Revenue grew steadily, and profit exceeded expectations: 1Q24 achieved operating income of 159.5 billion yuan (yoy +6.3%), higher than Bloomberg's agreed estimate of 158.8 billion yuan; non-GAAP net profit of 50.3 billion yuan (yoy +55%), higher than Bloomberg's agreed estimate of 43 billion yuan.

Domestic games were affected by revenue delays, and international games showed a recovery trend: 1Q24 online game revenue was 48.1 billion yuan, down 0.4% year on year, higher than Bloomberg's agreed forecast of 47.3 billion yuan. Among them, domestic market revenue was 34.5 billion yuan (yoy -2%, qoq +28%), higher than Bloomberg's agreed forecast of 33.6 billion yuan, and international market revenue of 13.6 billion yuan (yoy +3%, qoq -2%), which is basically in line with Bloomberg's agreed estimate of 13.6 billion yuan.

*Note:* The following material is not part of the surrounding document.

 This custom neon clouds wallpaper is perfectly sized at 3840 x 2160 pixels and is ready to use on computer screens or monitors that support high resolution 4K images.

Ad revenue was higher than market expectations, and demand for video accounts continued to grow: 1Q24 ad revenue of 26.5 billion yuan (yoy +26%), higher than Bloomberg's agreed estimate of $24.8 billion. Revenue growth was driven by growth in WeChat video accounts, applets, public accounts, and search, mainly due to increased user engagement and the continuous upgrading of A1-driven advertising technology platforms. With the exception of the automotive industry, advertising spending increased in all major industries, with significant increases in advertising spending in the gaming, internet services, and consumer goods industries.

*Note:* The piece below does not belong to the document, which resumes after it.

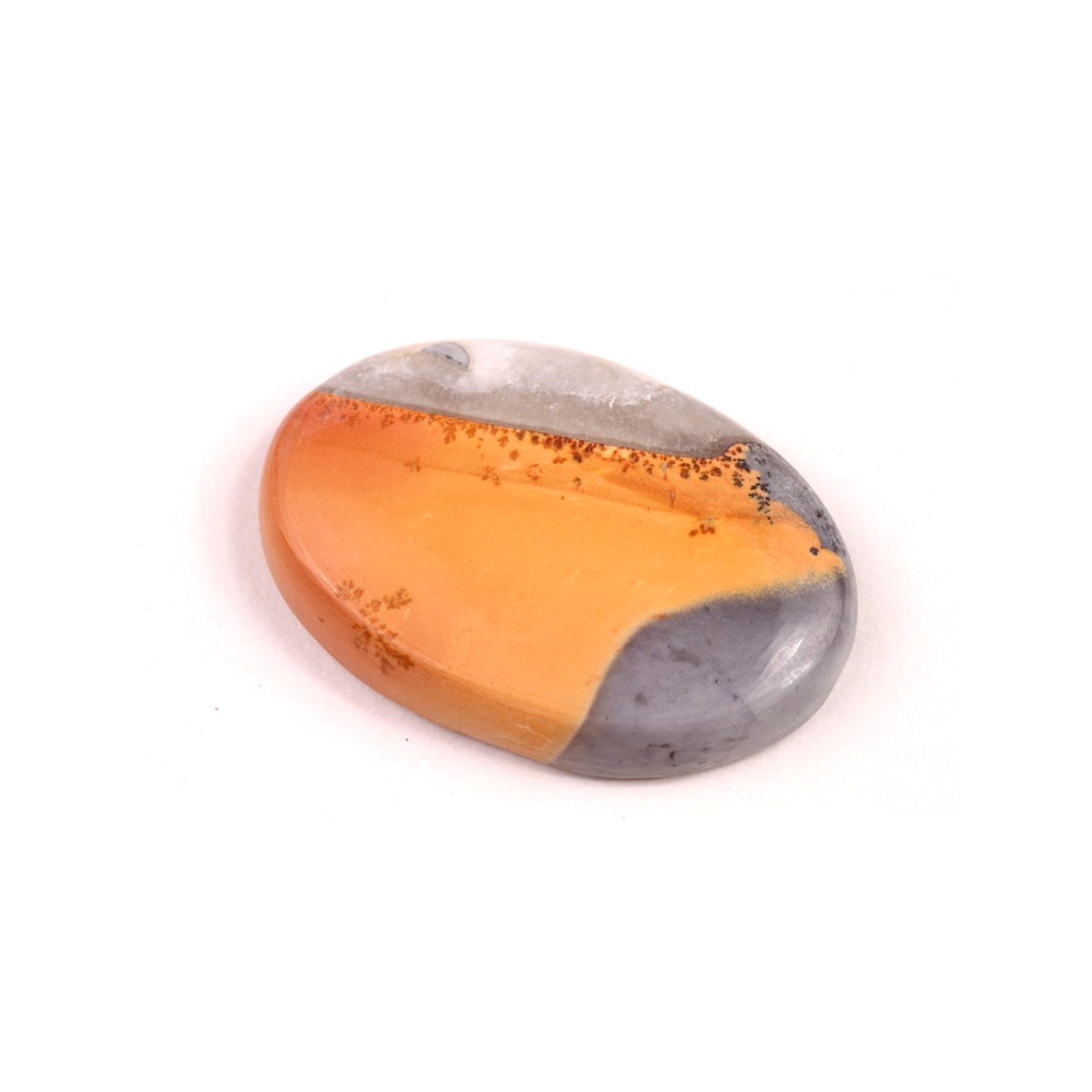 Kabošon z přírodního kamene Maligano Jasper je ohromujícím příkladem přírodní krásy. Tento jaspis pocházející z Indonésie vás uchvátí kontrastními tóny oranžové, šedé a krémové barvy s unikátními "ostrovy" a žilkami, které připomínají abstraktní krajiny. Jeho výrazná textura a bohaté barvy vnesou do každého šperku nádech originality a síly.

The fintech business continued to grow, and financial management and cloud services grew strongly: 1Q24 fintech and corporate services revenue of $52.3 billion (yoy +7%, qoq -4%), lower than Bloomberg's agreed estimate of $55.1 billion. Revenue from fintech services grew at a single-digit percentage year over year, mainly due to a slowdown in offline consumer spending growth and a decrease in withdrawal revenue, while revenue from financial management services grew strongly. The revenue of the enterprise service business achieved a year-on-year growth rate of about ten points due to the increase in cloud service revenue and technical service fees for video account merchants.

Advertising business and value-added services led to an increase in overall gross margin: The overall gross margin in 1Q24 was 52.58% (YoY+7pct, qoq+3pct). The positive increase in gross margin was due to rapid growth in high-margin revenue sources. Sales expenses for the quarter were 7.5 billion yuan, up 7% year on year, management expenses were 24.8 billion yuan, up 1% year on year, down 9% month on month, and management expense ratio decreased 0.9 pct year on year.

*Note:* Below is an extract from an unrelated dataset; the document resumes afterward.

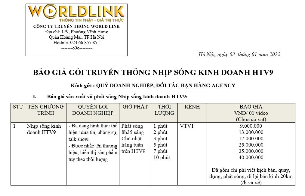 - Bảng báo giá quảng cáo trong chương trình Nhịp sống kinh doanh HTV9 giá cạnh tranh toàn quốc, xem tại đây:

Profit forecast and investment rating: The increase in the company's gross margin exceeded expectations. We adjusted the adjusted net profit for 2024-2026 from $1850/2104/2393 billion to $1932/2357/266.3 billion, corresponding to 2024-2026 PE of 18/15/13 times (HKD/RMB = 0.93, May 17, 2024). The company still has solid business barriers and a strong ecosystem. Overall business revenue such as video accounts, applets, and fintech continues to grow, so we maintain the company's “buy” rating.

Risk warning: Policy and regulatory risk; operating data lower than expected; monetization pace lower than expected.

The translation is provided by third-party software.